Proprio in questo contesto e proprio con un piccolo ritardo, che può anche essere tipico dei geni, Tezuka realizzò «Ayako», opera che sarebbe poi passata alla storia divenendo il manga con cui l’autore decise di mettere a nudo l’animo umano, il marciume che si nasconde nelle profondità di una società vecchia, statica, lenta e bigotta, in contrasto con la nuova società che avanzava e che distruggeva e sconvolgeva un vecchio sistema oramai troppo radicato e dogmatizzato in cui l’onore di una famiglia veniva prima delle azioni, in cui “il fine giustifica i mezzi”, in cui una donna doveva e poteva essere schiavizzata e sottomessa ai comportamenti tirannici del marito che rivestiva un ruolo di padrone all’interno della famiglia e, soprattutto, una società in cui la vita di una bambina valeva meno dell’impatto sociale del nome di una famiglia, in un ambiente politico corrotto e senza scrupoli.
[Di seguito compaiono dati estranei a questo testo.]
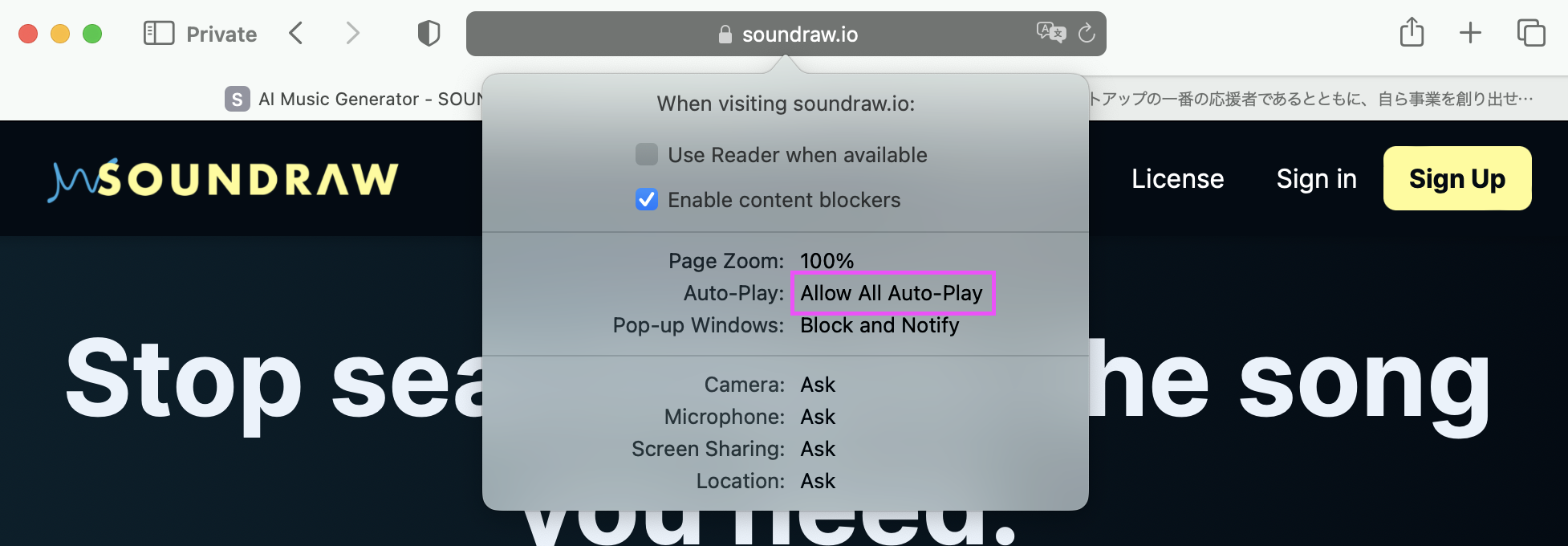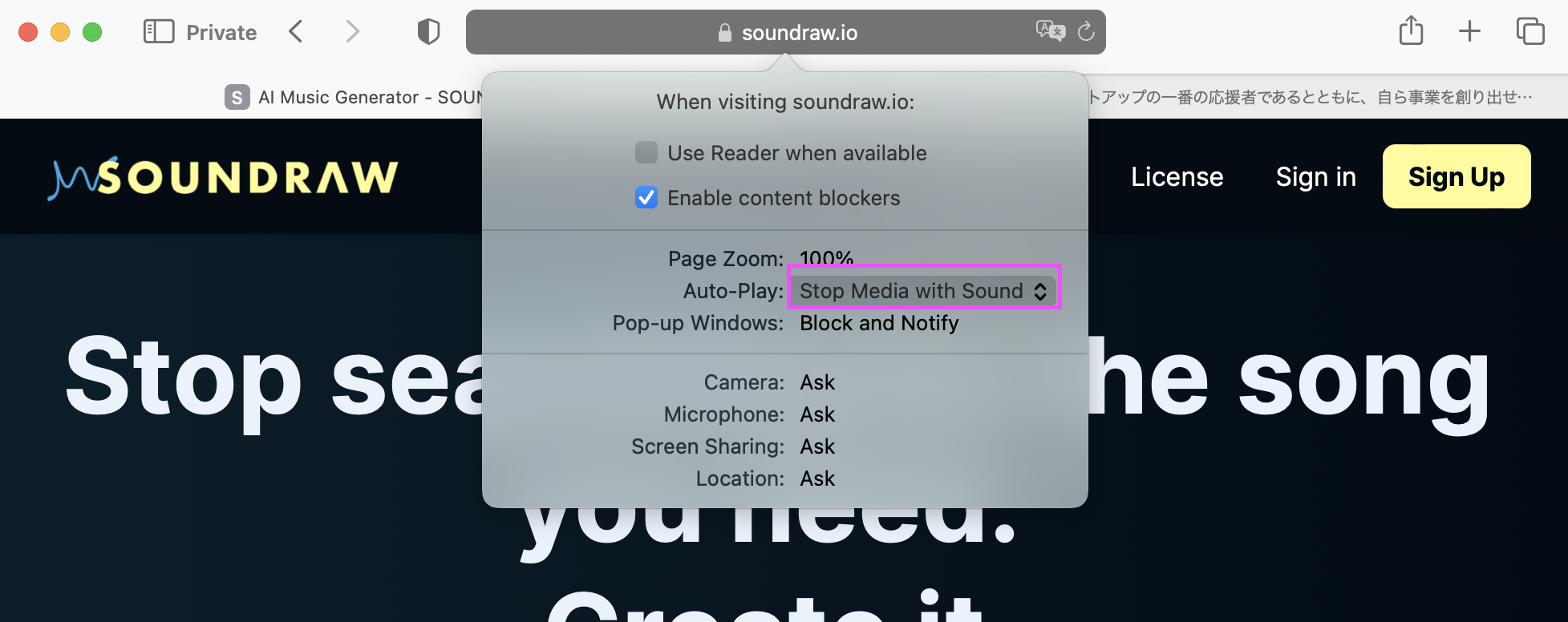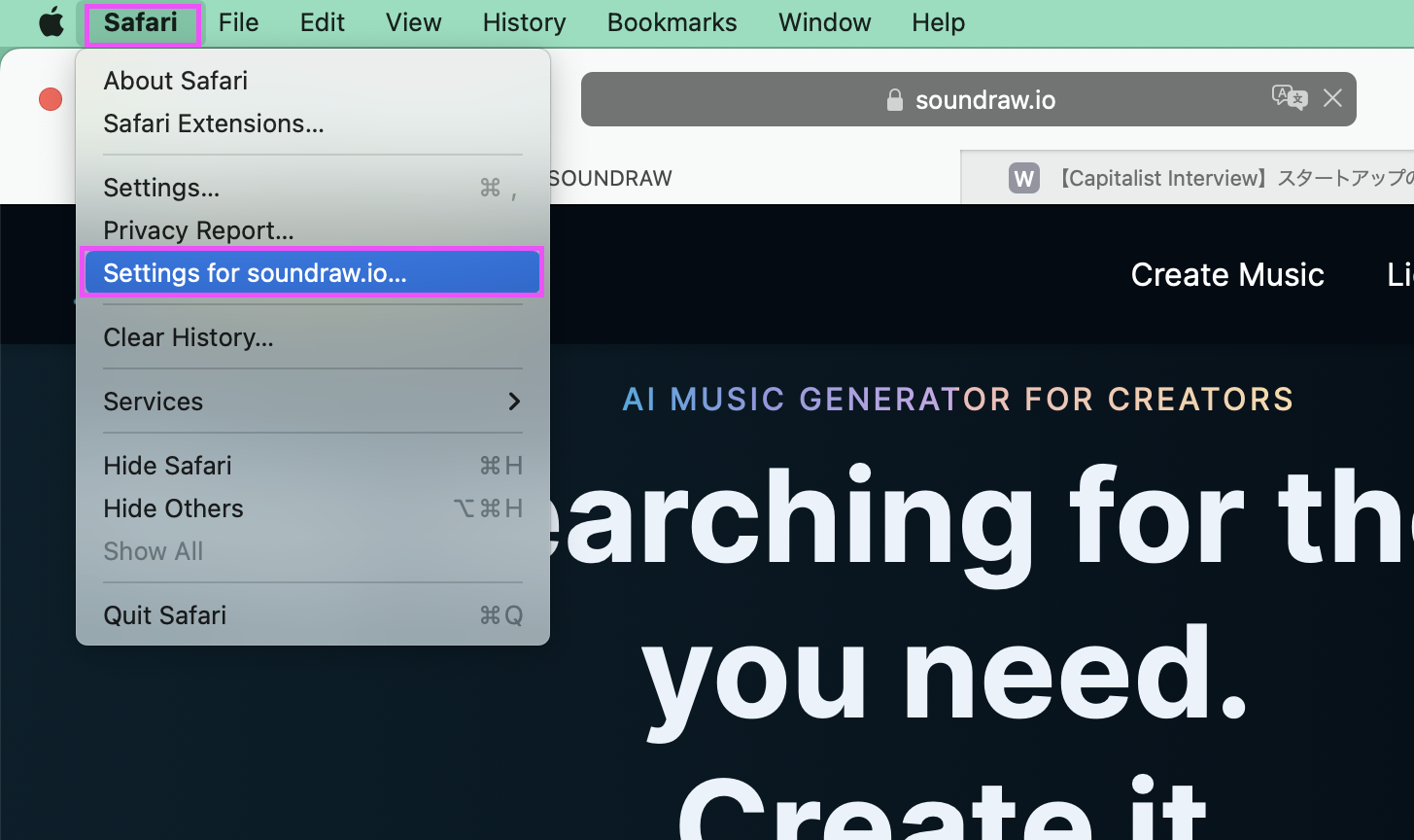 1. Click "Safari" mark above and "Settings for soundraw.io"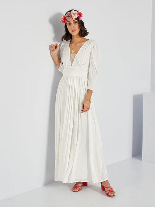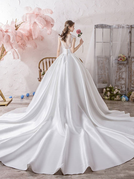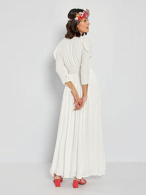View full detailsThis ivory wedding dress features a sophisticated V-neckline and an elegant backless design, perfect for brides seeking a timeless yet modern look....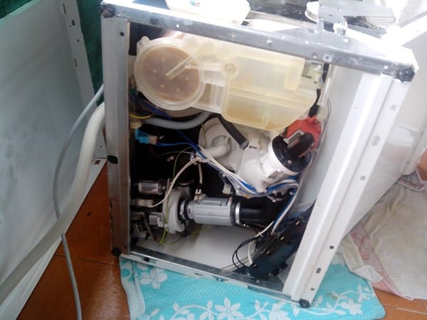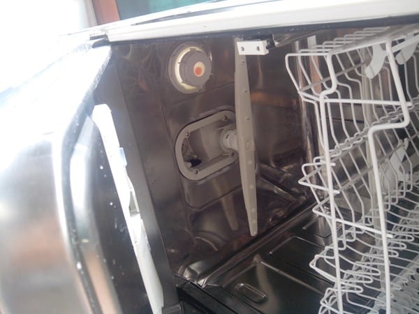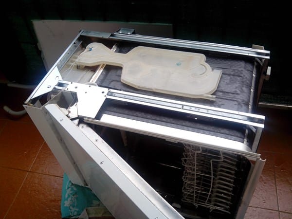 Al volcarle he visto una pieza blanca, tipo retén, suelta en el fondo y además, parte de esa pieza en el filtro que lleva dentro. No sé como ha llegado ese trozo ahí si el retén estaba en el fondo del lavavajillas por fuera.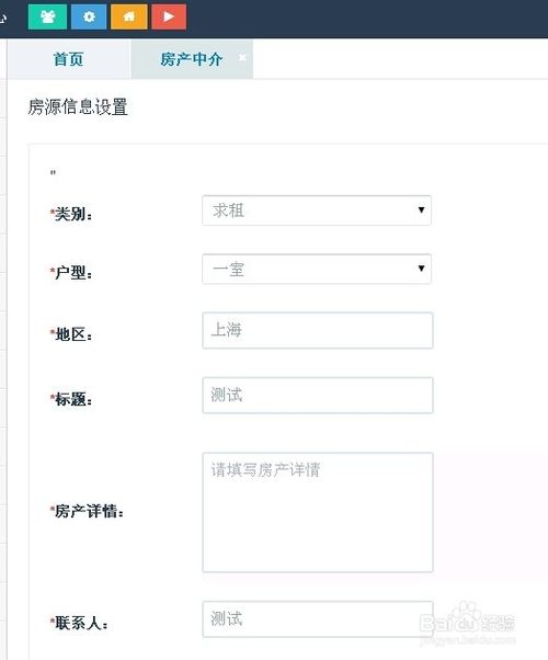 首先,进入功能管理,高级功能找到“房”|‘产’|‘中’“介”,进行添加“房”‘产’信息,保存即可。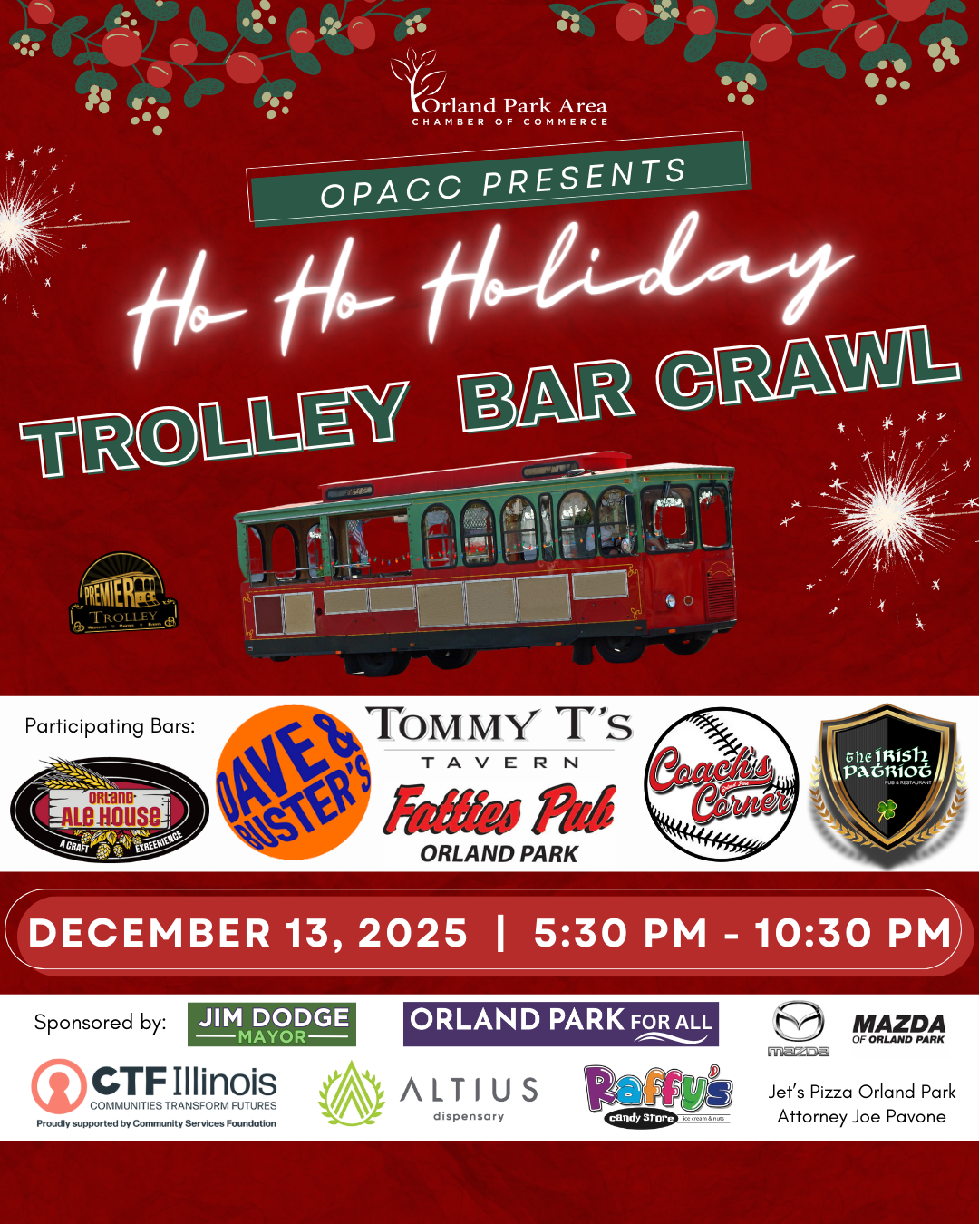 Ho Ho Holiday Trolley Bar Crawl Home Page Celebrate the holiday season with us on December 13th as we embark on a festive trolley ride through Orland Park! We'll be stopping at local pubs to enjoy the season's cheer. This fun event is a collaboration between the Chamber and several of our restaurant members. Whether you're a member or not, everyone is invited to join in the festivities! Trolleys will be stopping at all the participating restaurants starting at 5:30 pm until 10:30 pm. Participating restaurants: Dave & Buster's, Orland Ale House, Tommy T's Tavern, Fatties Pub, Coach's Corner and The Irish Patriot! We also offer a fantastic sponsorship opportunity—Santa’s Helper! This package includes: Signage on the trolleys, signage at the bars, shout-outs on the trolleys, logo on website and social media and allows you to provide handouts and swag on the trolleys or at the bars. A big thank you to our sponsors Altius Dispensary, Attorney Joe Pavone, CTF Illinois, Jet's Pizza, Mazda of Orland Park, Orland Park For All, Orland Park Mayor Jim Dodge, and Raffy’s Candy Store! -------------------------------------------------------------------------------- Enjoy this recap of the 2024 Ho Ho Holiday Trolley Bar Crawl Participating restaurants: Coach's Corner Dave & Buster's Fatties Pub Orland Ale House The Irish Patriot Tommy T's Tavern

Come una carezza prima di un pugno nello stomaco, Tezuka inizia a raccontare le vicende della famiglia Tenge innanzitutto presentandone i personaggi. Proprio come se fossero carte in un gioco di società i personaggi vengono descritti e messi a nudo sin dalle prime pagine, vengono sezionati, scrutati e osservati come in un identikit.

I personaggi di questo manga non sono però degli eroi, non sono forti né fisicamente né caratterialmente, la maggior parte di loro sono infatti dei perdenti, sono figure piene di punti deboli, con valori e concetti deformati da una società che li vuole schiavi di una staticità storica oramai radicata all’interno della società.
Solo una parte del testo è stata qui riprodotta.